Po lymestor is accompanied by his two young sons. The princes embody in life all that Hecuba has lost to death. Her revenge is all the more vicious, all the more subtle in its horror, when compared with the maternal friendship and playfulness she shows the boys as she lures the princes and their father to a vicious fate at the hands of the Trojan women. The desire for gold blinds this ruler to the dangers that await him.

An horrific tableau in the final scene confirms the desensitisation of the modern audience. Images of the scattered remains of suicide bombers and innocent victims have so numbed our senses that what would have been visually impossible ten years ago now smacks of awful ordinariness. Death no longer shocks or disgusts. Death merely saddens. Hecuba's revenge seems justifiable, understandable, in an environment of oppression and irrationality. The final image of her frantically scraping at the sand like a rabid dog, eager to bury the corpses of her sacrificed children, is haunting in its timeless horror.
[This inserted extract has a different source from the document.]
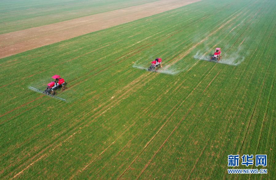 3月5日,河北省邢臺(tái)市南和區(qū)閻里鄉(xiāng)閻里村農(nóng)民操作農(nóng)業(yè)機(jī)械在麥田噴灑農(nóng)藥(無(wú)人機(jī)照片)。

There is so much more to this production which words cannot express. It is a play of such strength and appeal that anyone who claims to love theatre will recognise it as a great example of British dramatic enterprise. It will haunt you. It will disturb you. It cannot fail but communicate with that unfathomable deep in our collective psyche which reaches back to a time before memory. As I said at the beginning, this production will touch your soul. It is an honour to have seen Hecuba. It is an honour to write about it, and to recommend it unreservedly to you.